The older I get the more I find myself in conversations about wrinkles. During one such conversation, my friend mentioned that wearing sunscreen helps prevent wrinkles. I thought to myself, “Boy, I wish I knew that 25 years ago!” Do you know what else I wish I knew 25 years ago - the difference between conviction and condemnation. Do you know the difference?


Think of conviction as the necessary part of sunshine, the good part. It gives light to guide our steps, provides vitamin D, and aids in the growth of life. Conviction is from the Holy Spirit. It is what shows us our need for a Savior. After we place our faith in Jesus, God continues to do His work in our lives by showing us when we have made a mistake, are off track, or are about to hurt ourselves or others. It’s the notification we’ve sinned.


God convicts us because He loves us and is drawing out the person we were created to be. It is a way to free us from the things that are holding us back and get us to the next best thing. Conviction leads us into the arms of our Father where we find forgiveness and guidance.


Condemnation then would be the sunburn causing, drought producing, life destroying part of sunshine. It is from our enemy. Condemnation sounds similar to conviction as it states we’ve messed up. There will be some “truth” to it, but then it takes a turn and gets a little twisted. It goes beyond saying we have done something wrong, by placing disapproval on us and pushing an identity on us that doesn’t line up with the one we have in Christ.

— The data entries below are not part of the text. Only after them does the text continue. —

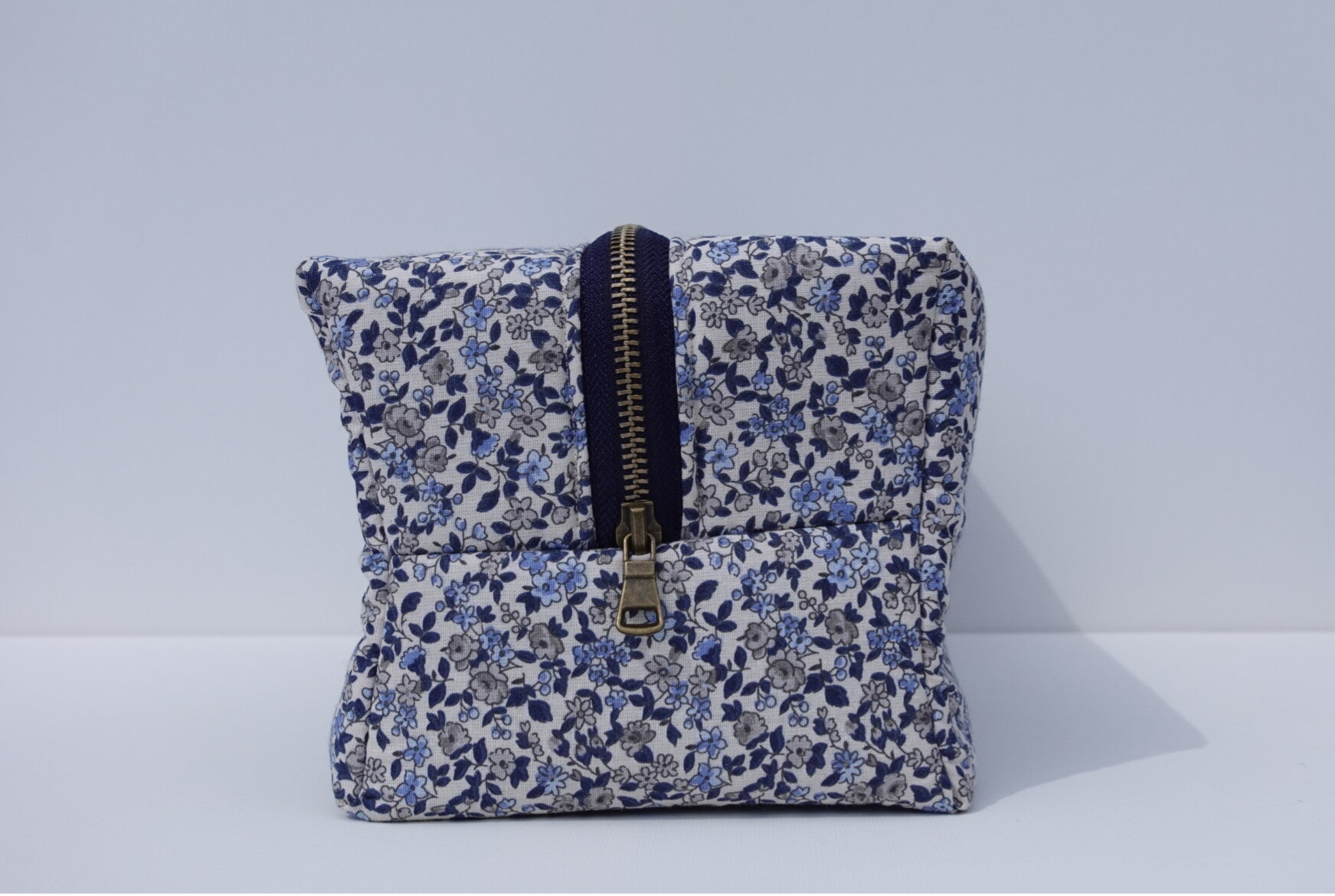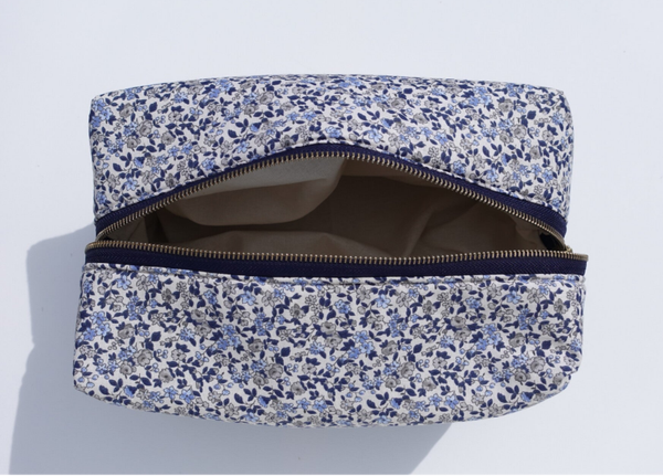 Trousse de Toilette XL en Tissu Fleuri Bleu
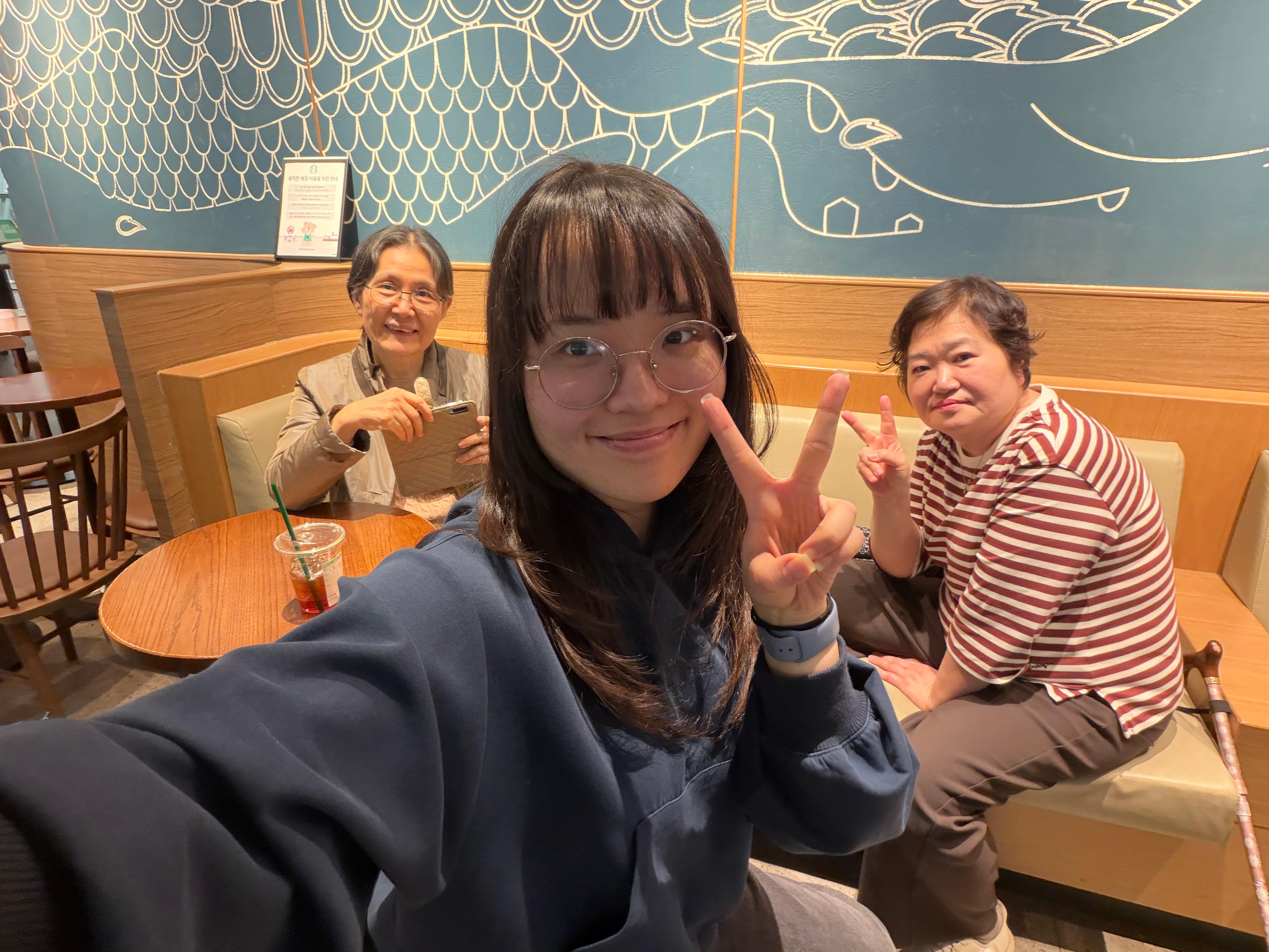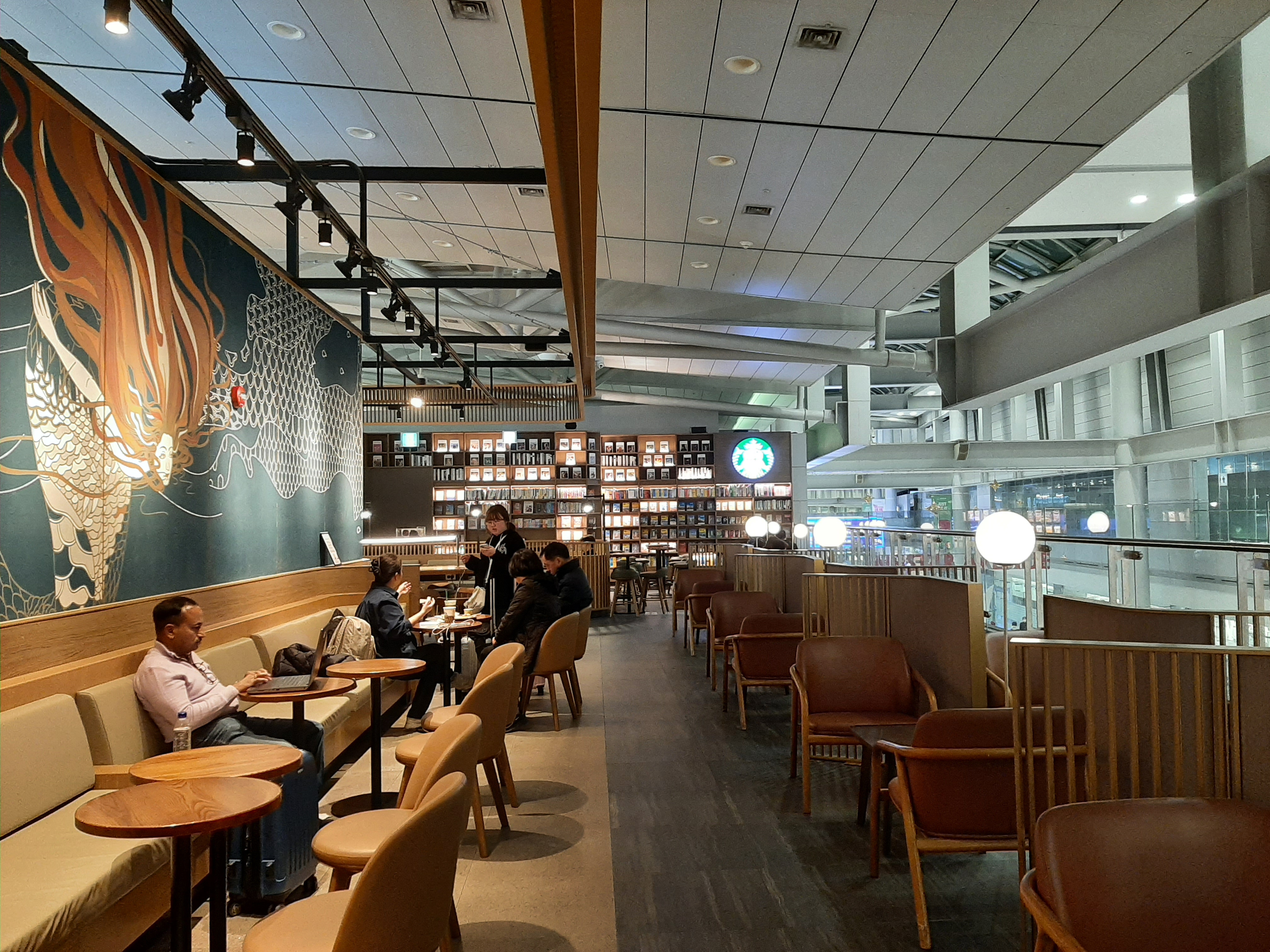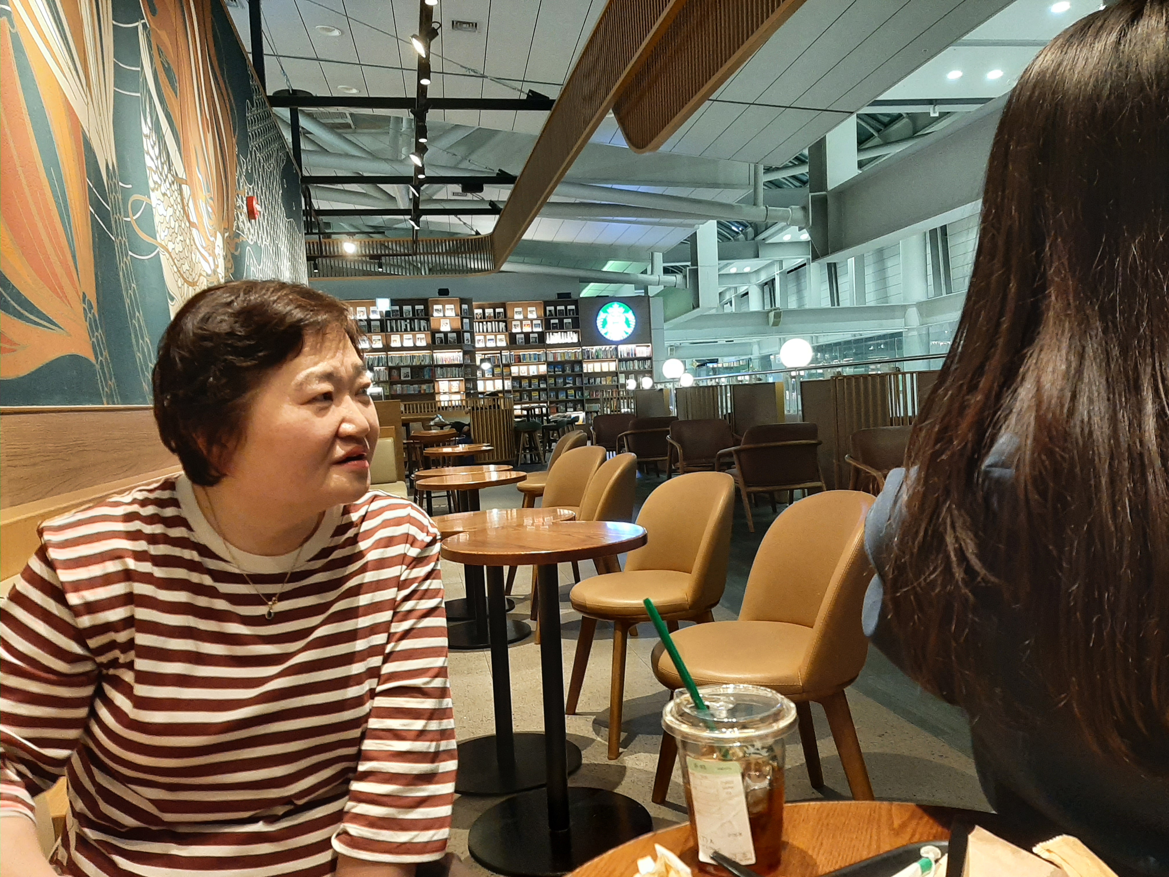 공항에 일찍 도착했기에 여유 있게 짐을 부치고, 출국수속을 마쳤는데도 시간이 널널하게 남아서 스타벅스 북카페에 들어갔다. 공항 내에 그런 공간이 있는지 처음 알았다. 조용하게 수다를 떨었다. 그래도 시간이 남아 3인 모두 듀오링고를 열고 각자가 좋아하는 외국어인 중국어, 영어, 일어 공부를 하며 시간을 보냈다.
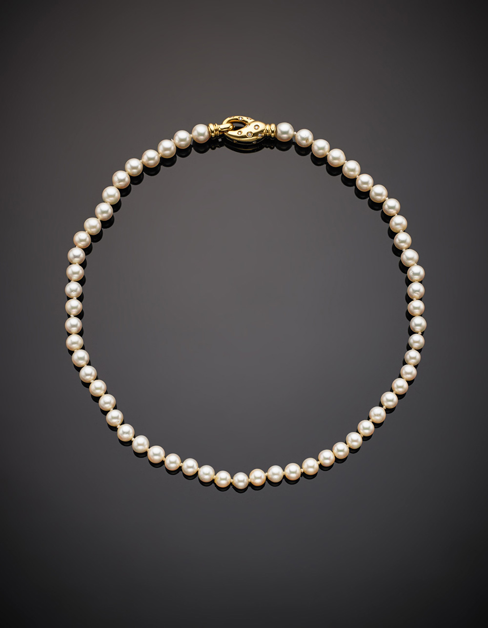 Collana ad un filo di perle Akoya chiusura oro e diamanti, g.43,70 lungh. cm 45,5 circa Single strand Akoya pearl necklace with yellow gold and diamond clasp, g.43,70 length cm 45,5 circa
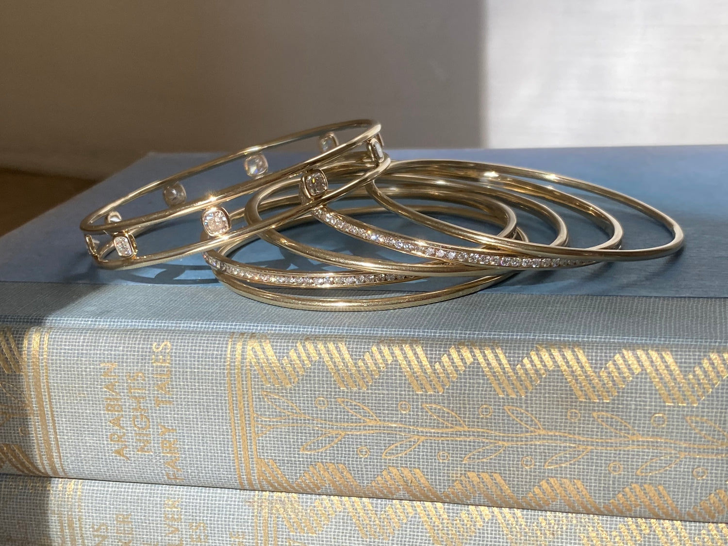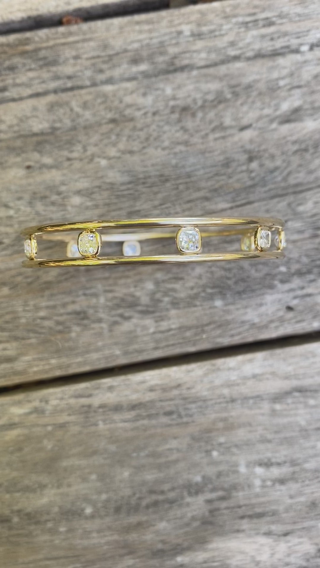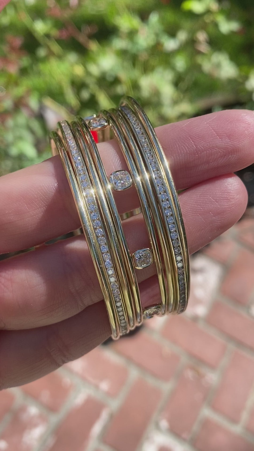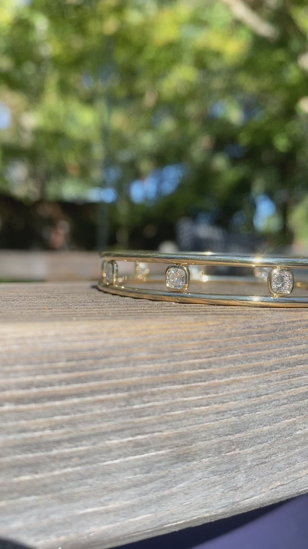 The Luxe Legend Snazzy Bangle is made with 2.5 carats of DE color VS1-2 lab grown diamonds (mined diamonds can be used upon request). I use 10, big juicy 1/4 carat cushion cut diamonds. beautifully set in 14 carat gold bezels.
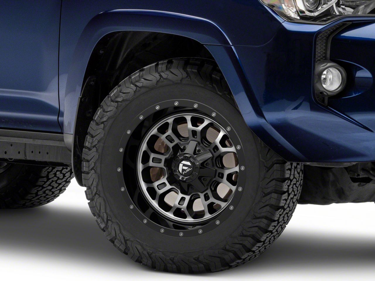 Application. This Fuel Wheels Crush Gloss Machined Double Dark Tint 6-Lug Wheel; 18x9; 19mm Offset, with a backspace of 5.749 Inch, 146.1mm; and bolt pattern of 6 x 139.7mm (6 x 5.5-Inch), ensures precise alignment and unwavering stability. Designed to fit the 2010-2024 4Runner models, it stands out as a tailored enhancement. Sold individually.
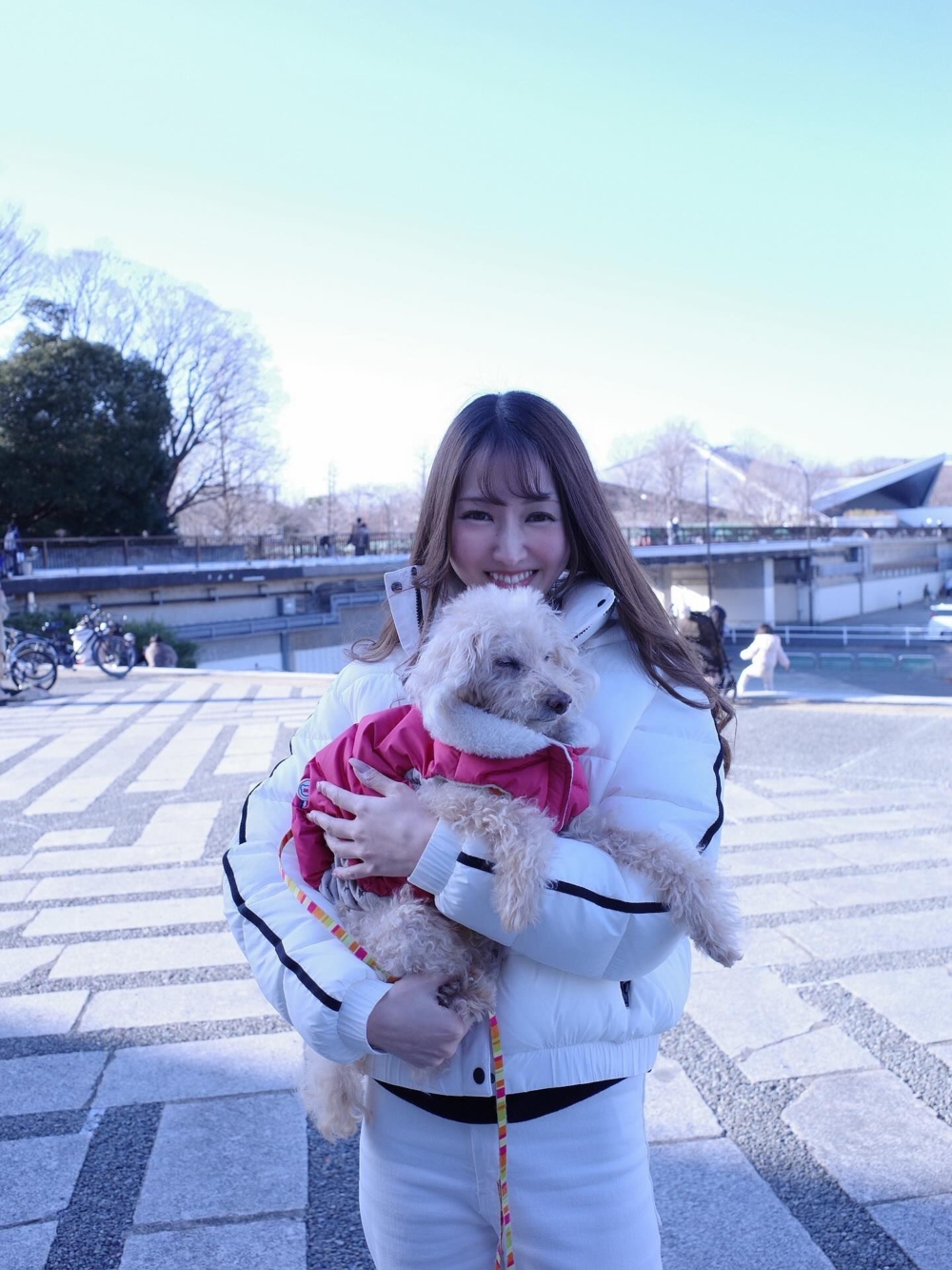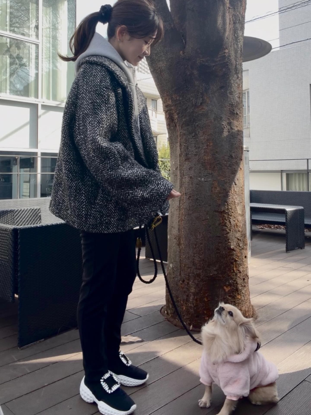 飼い主さんの方が合わせにいった、お揃いもこもこルックがとってもお似合い♡
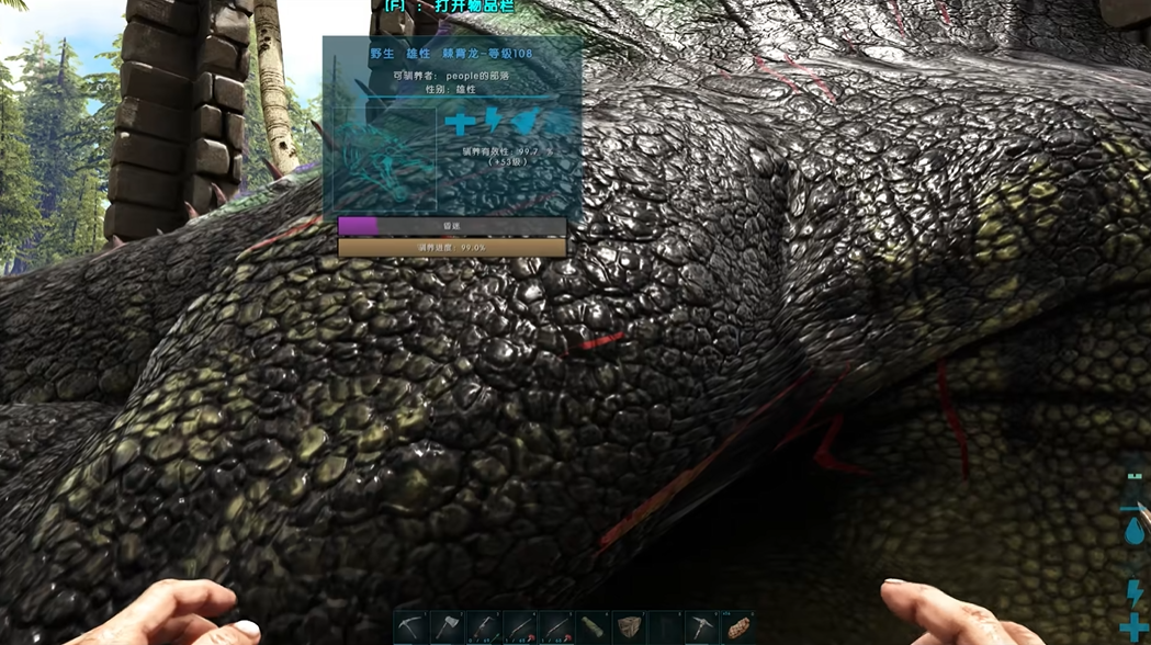 击晕棘背龙后,需立即打开其物品栏并放入准备好的饲料。驯服过程中需持续监控棘背龙的眩晕值,适时补充麻醉药以维持其昏迷状态。棘背龙的驯服进度增长较慢,因此需要耐心等待。在此期间,需警惕周围可能出现的其他食肉生物,避免干扰驯服过程。
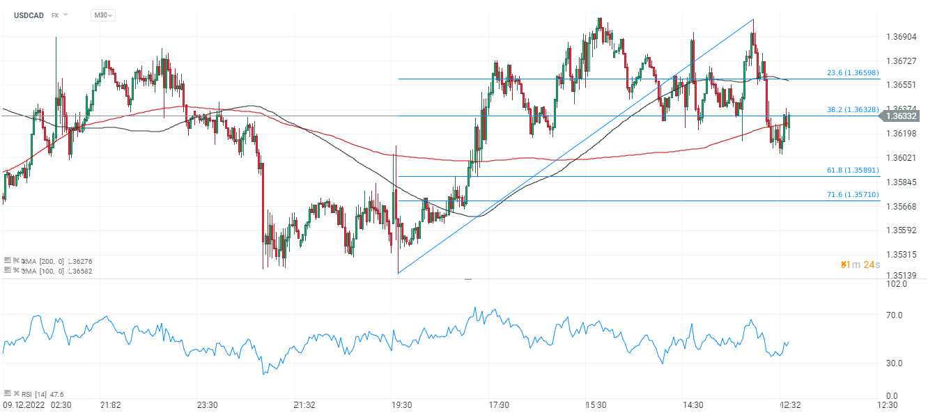 Dolar kanadyjski osłabia się wobec amerykańskiego dolara po raporcie. USDCAD wzbił się powyżej SMA200 (czerwona linia), wzrosty zostały zatrzymane na poziomie 1,362 przy 38.2 zniesieniu Fibonacciego.
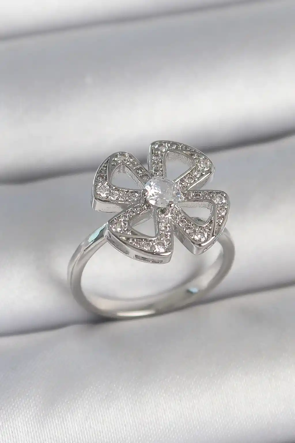 Pirinç Gümüş Renk Zirkon Taşlı Yonca Model Ayarlanabilir Kadın Yüzük

Condemnation may talk like this: No matter how hard I try, I can’t get it right. I should just quit. I’m a failure. I keep hurting people and saying the wrong things. God must be so disappointed in me, as I’ve let Him down again. He probably doesn’t want to talk to me. God is going to get tired of me asking for forgiveness. Maybe if I punish myself, He will know how sorry I really am. I don’t deserve to be full of joy and close to Him after what I’ve done. God is just putting up with me because He’s supposed to love everybody. I’m too much of a mess for Him to want me to be part of His plan. And so goes the beating, if we don’t know:


There is therefore now no condemnation for those who are in Christ Jesus. Romans 8:1 ESV

Where conviction gets us walking on the right path again, condemnation tries to run us off of it. We can’t get it right, anyway, so we should stop trying or turn around altogether, at least that’s what we think. Condemnation drives us into hiding from God’s Presence, imprisoning us in our shame, disappointment, embarrassment, and frustration. It leaves hopelessness and failure squarely in our hands.


Condemnation often sneaks in behind conviction. After the Holy Spirit has brought something to our attention, the enemy will come along and try to hit us upside the head with it. It’s like when we’ve crossed that point of being outside too long and the sunburn sets in. There is a line that has been crossed. See the difference?


We destroy arguments and every lofty opinion raised against the knowledge of God, and take every thought captive to obey Christ,... II Corinthians 10:5 ESV

Conviction and condemnation both sound the same in your head - they sound like your own thoughts. So - TAKE ALL YOUR THOUGHTS CAPTIVE! Hold each thought out in front of you and examine it, determining its origin. Does it line up with the Word? Is it going to shut you down (condemnation) or help you recalibrate (conviction)? Is there despair (condemnation) or hope for change (conviction)? Remember, condemnation may have some truth to it, but what kind of fruit is it going to produce in you?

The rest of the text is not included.